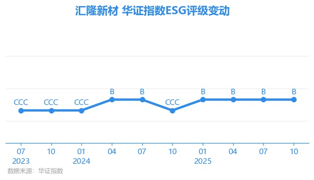 日前,华证指数公布了新一期(2025年10月31日)的ESG评级结果,汇隆新材(301057.SZ)获得B评级(华证指数评级为C起至AAA九档,C为最低档,AAA为其最高一级评级/AA为其第二档),上一期(2025年7月31日)ESG评级为B。本期ESG评级在494家化学制品行业A股上市公司中排名第196(上一期排名第175)。
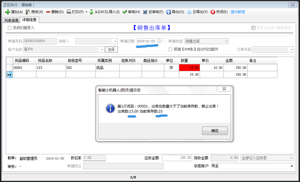 經(jīng)查詢確認(rèn),此貨品在2018.1.3號(hào)的時(shí)候,貨品的庫(kù)存數(shù)量只有10個(gè),后來(lái)是因?yàn)樵?號(hào)當(dāng)天入庫(kù)了20個(gè),所以庫(kù)存才變成30個(gè)的。因此,在2018.1.3號(hào)的時(shí)候,是不能出庫(kù)15個(gè)的。最終確認(rèn),程序并沒有任何問(wèn)題,提示也是正確的。只是大家忽略了一個(gè)單據(jù)日期。
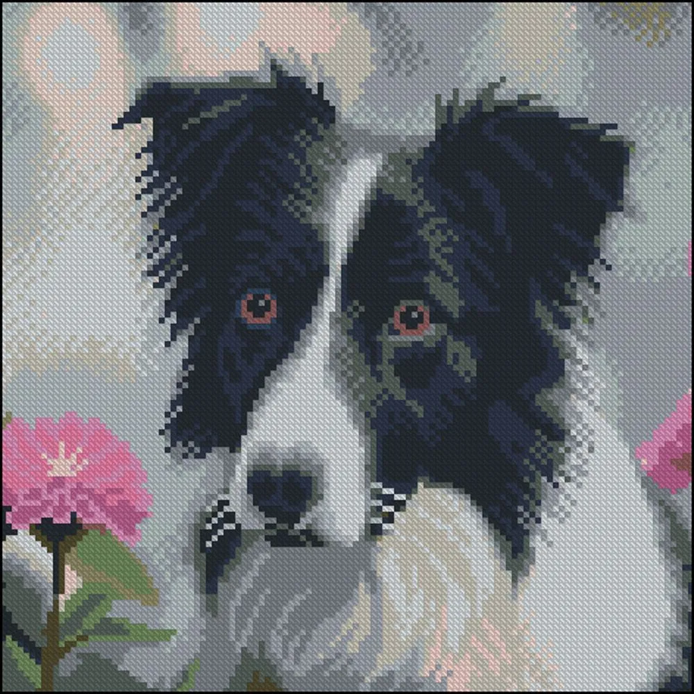 Алмазна картина Strateg Пес і жоржини 30х30 (FZ3030-02)
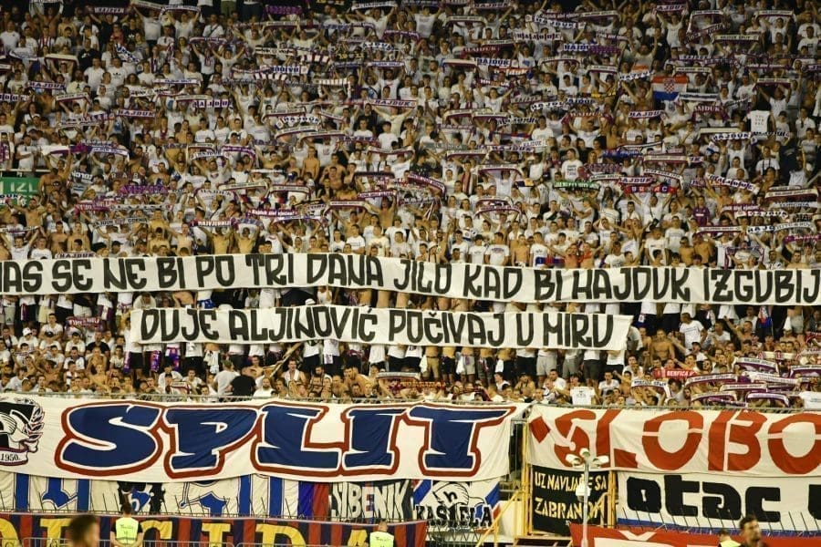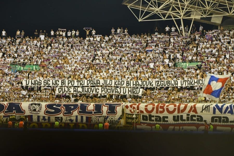 U prvoj utakmici trećeg pretkola Konferencijske lige Hajduk na Poljudu od 21 sat igra s Vitoriom Guimaraes. Torcida je za vrijeme drugog poluvremena podigla transparent u čast preminulom Srđanu Duji Aljinoviću legendarnom navijaču koji je Hajduka pratio još na Starom placu.

==============================

> _Exercise directions_
Print only the lines running from the one containing "Алмазна картина Strateg" to the end of the data above, exactly; include no pictures.

> _Written response_
 Алмазна картина Strateg Пес і жоржини 30х30 (FZ3030-02)
 U prvoj utakmici trećeg pretkola Konferencijske lige Hajduk na Poljudu od 21 sat igra s Vitoriom Guimaraes. Torcida je za vrijeme drugog poluvremena podigla transparent u čast preminulom Srđanu Duji Aljinoviću legendarnom navijaču koji je Hajduka pratio još na Starom placu.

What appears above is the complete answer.